Like Himid, German artist Andrea Büttner reconsiders and elevates forgotten people in her work. In her display, images of beggars from art history are exhibited on a low table, quite literally begging a closer look, while a series of nine woodblock prints, based on Ernst Barlach’s 1919 sculpture of a cloaked mendicant, initially seem childlike in terms of their composition, but prove deeply affecting. Elsewhere, overlooked forms of labour are alluded to via simple statements of colour: a wall covered in yellow Hi-Vis fabric underscores the efforts of emergency service workers; a piece of blue fabric laid across a table turns out to be a fine silk made by nuns. Musings from Simone Weil’s L’Enracinement (The Need for Roots), which was published posthumously in 1949, also feature. They have been loaned from the Peace Library and Antiwar Museum of the Evangelical Church in Berlin as a complete display, pinned to easily transportable frames – the kind you see in schools or libraries. There’s a charming didacticism to Büttner’s showcase overall.
Weil’s thoughts on displacement link, indirectly, to Hurvin Anderson’s beguiling paintings. These are the highlight of the prize, some of which deal literally and metaphorically with roots. His lush landscapes, often painted on large-scale grids, fuse different memories and sources, notably the trees of the UK and Jamaica, where the artist’s parents were born. Two large-scale paintings depict a figure almost completely obscured by foliage, which gives the impression of something glimpsed in a dream or recreated from a lost source. In a video on display in another room, Anderson talks about people ‘forgetting’ where they are from, and there’s something liberating about the possibility of misremembering or remixing one’s past and place in the world. Paintings alluding to race – Is it OK to be Black? (2016), for example, from a series of works set in barbershops – are undoubtedly political yet at the same time evoke spaces of introspection.
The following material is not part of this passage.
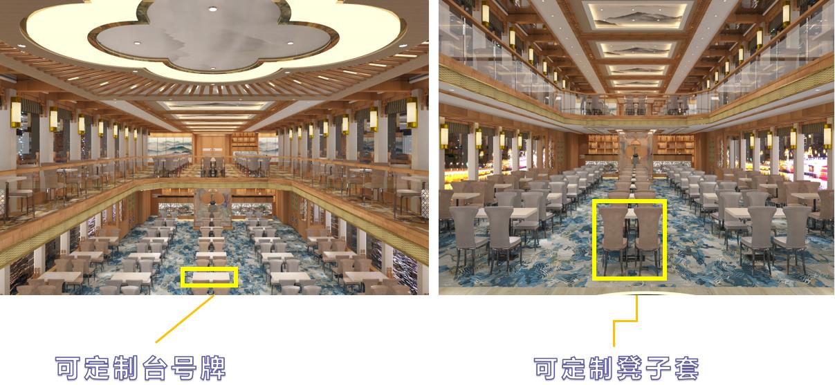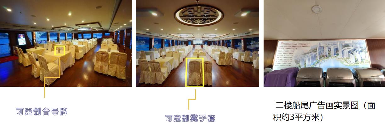 游船內部廣告位:圓桌式坐席區分布1個橫版廣告展示位
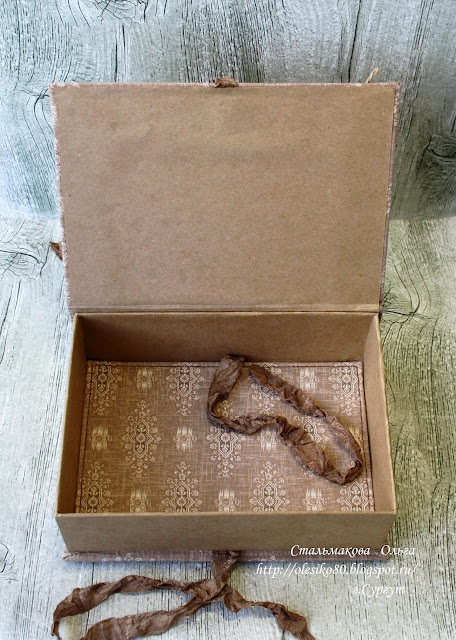 Сама коробочка сделана из пивного картона, но обтянута крафт-бумагой, крышка и низ коробочки тканевые...

There’s a hermetic feel to the two films by Rosalind Nashashibi, one shot in the Gaza Strip in 2014 and another more recently in the Guatemalan home of mother and daughter artists, Elisabeth Wild and Vivian Suter. Electrical Gaza (2015) combines claustrophobic footage of narrow alleyways and the Rafah Crossing with moments of animation which seem to breathe air into the scenes. The threat of violence, however, is ever-present and finally communicated via an ominous black circle overlaid onto a street scene. Vivian’s Garden (2017 follows mother and daughter as they go about their apparently cloistered lives. Comparisons to the 1975 documentary Grey Gardens are inevitable, especially in the couple’s oddly infantile relations. But here, too, there are moments of unexpected transcendence and pathos, whether in the protagonists’ tender exchanges, or in the footage of a painting bobbing through the trees as it’s carried through a forest.
So, another year, another Turner Prize. Unshowy, yet no less impressive, 2017’s exhibition feels perfectly judged to suit our tangled current climate.
The Turner Prize 2017 exhibition is at the Ferens Art Gallery, Hull, until 7 January 2018.